== What you have to do ==
Your answer should consist only of the lines below from the one with "SVs Karin Andersen" through the one with "Bag de dramatiske", copied exactly.

== Extracted data ==
=== Begin Enclosure ===
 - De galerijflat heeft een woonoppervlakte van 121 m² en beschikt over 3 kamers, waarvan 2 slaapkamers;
=== End Enclosure ===
=== Begin Enclosure ===
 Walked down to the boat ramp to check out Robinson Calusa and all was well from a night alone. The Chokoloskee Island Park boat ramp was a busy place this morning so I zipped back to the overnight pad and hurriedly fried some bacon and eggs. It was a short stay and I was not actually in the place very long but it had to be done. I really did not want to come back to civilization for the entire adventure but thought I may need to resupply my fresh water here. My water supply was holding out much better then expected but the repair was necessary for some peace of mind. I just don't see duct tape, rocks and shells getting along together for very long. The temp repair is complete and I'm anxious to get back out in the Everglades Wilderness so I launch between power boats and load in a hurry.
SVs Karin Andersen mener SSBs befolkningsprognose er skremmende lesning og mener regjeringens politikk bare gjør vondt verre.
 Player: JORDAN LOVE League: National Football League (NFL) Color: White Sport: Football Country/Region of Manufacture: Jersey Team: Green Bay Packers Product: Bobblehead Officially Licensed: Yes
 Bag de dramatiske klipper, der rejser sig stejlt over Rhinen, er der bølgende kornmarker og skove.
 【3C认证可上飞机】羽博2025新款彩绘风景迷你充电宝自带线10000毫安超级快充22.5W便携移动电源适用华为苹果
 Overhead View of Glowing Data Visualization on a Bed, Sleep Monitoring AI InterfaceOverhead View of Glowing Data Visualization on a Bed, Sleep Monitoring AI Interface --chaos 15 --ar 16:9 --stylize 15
=== End Enclosure ===
=== Begin Enclosure ===
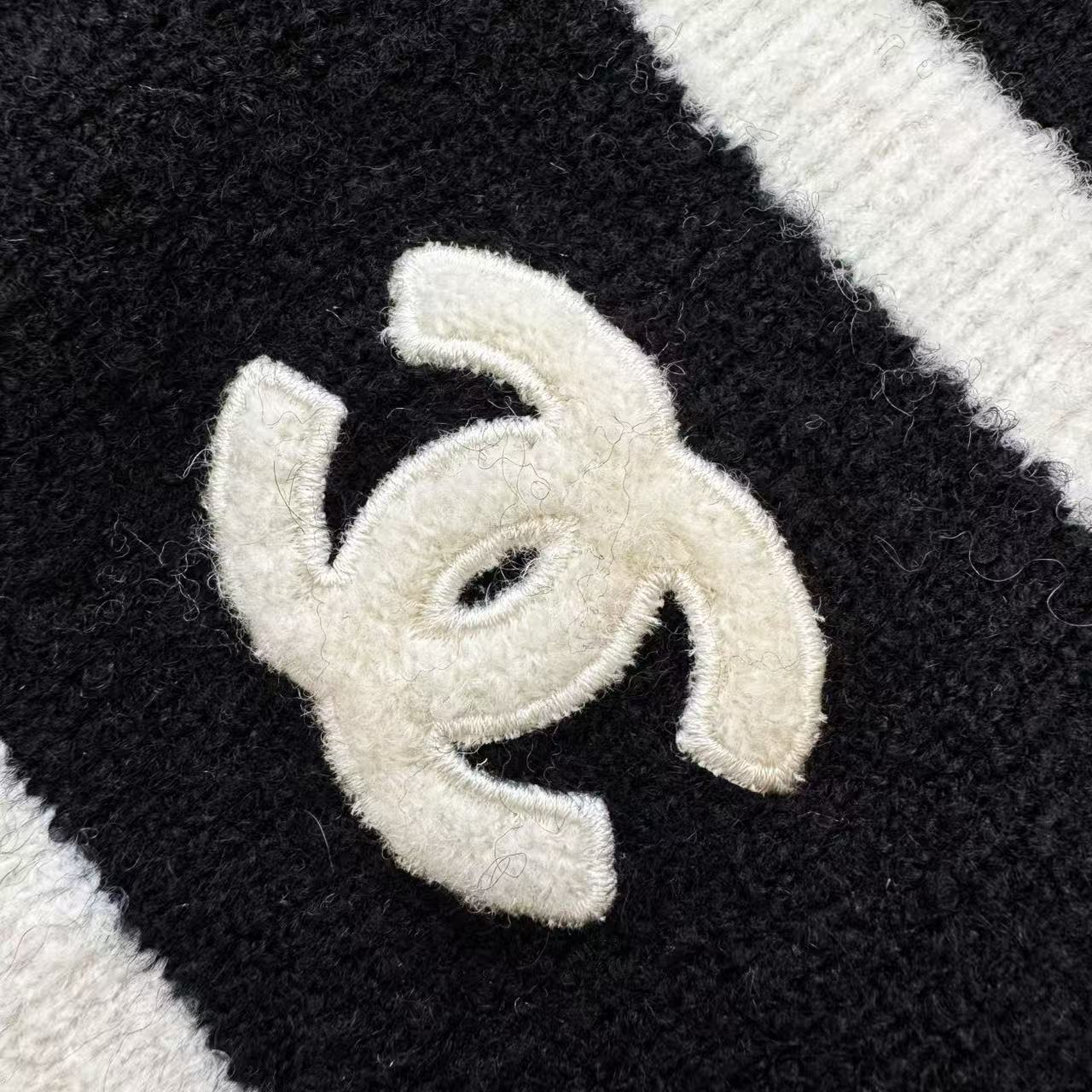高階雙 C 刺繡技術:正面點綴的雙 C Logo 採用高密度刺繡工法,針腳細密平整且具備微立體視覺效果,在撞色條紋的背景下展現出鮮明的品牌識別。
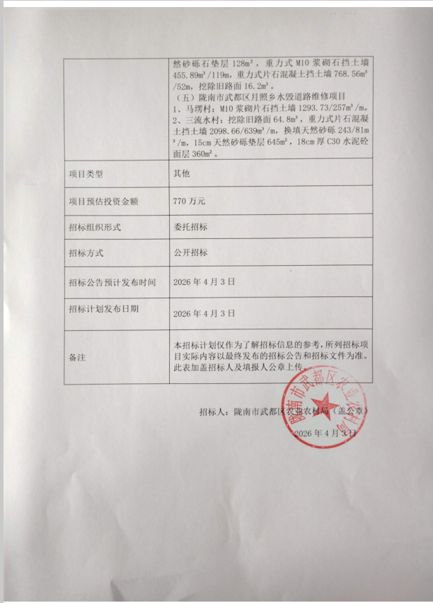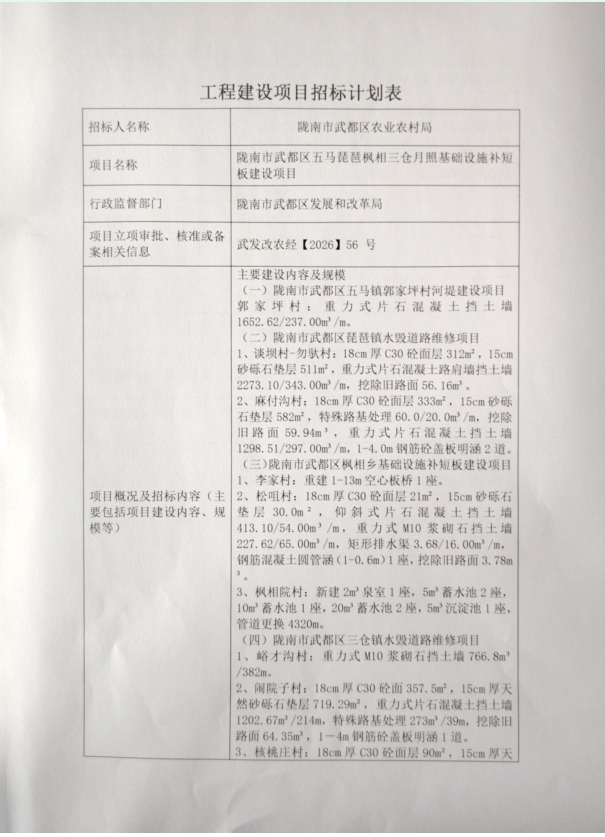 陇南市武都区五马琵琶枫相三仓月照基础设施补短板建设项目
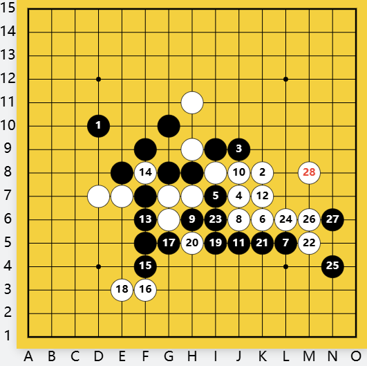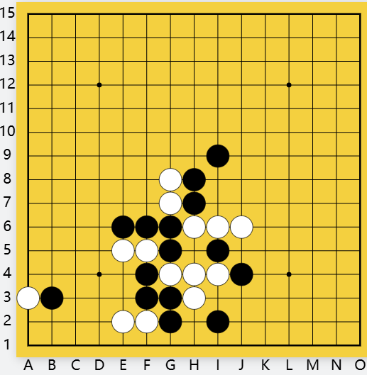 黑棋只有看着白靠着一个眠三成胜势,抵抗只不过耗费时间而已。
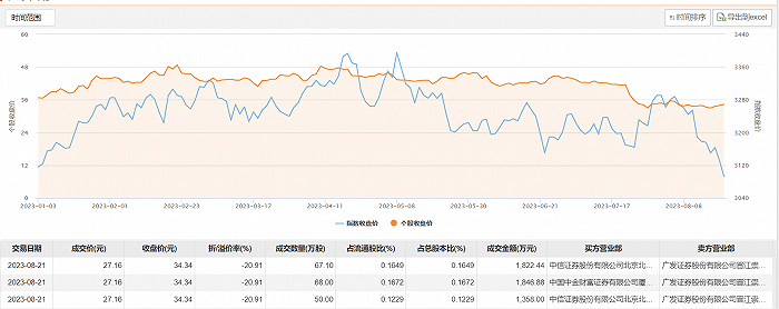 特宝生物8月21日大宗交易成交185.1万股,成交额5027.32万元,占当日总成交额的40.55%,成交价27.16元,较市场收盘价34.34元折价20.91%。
=== End Enclosure ===
== Solution below ==
SVs Karin Andersen mener SSBs befolkningsprognose er skremmende lesning og mener regjeringens politikk bare gjør vondt verre.
 Player: JORDAN LOVE League: National Football League (NFL) Color: White Sport: Football Country/Region of Manufacture: Jersey Team: Green Bay Packers Product: Bobblehead Officially Licensed: Yes
 Bag de dramatiske klipper, der rejser sig stejlt over Rhinen, er der bølgende kornmarker og skove.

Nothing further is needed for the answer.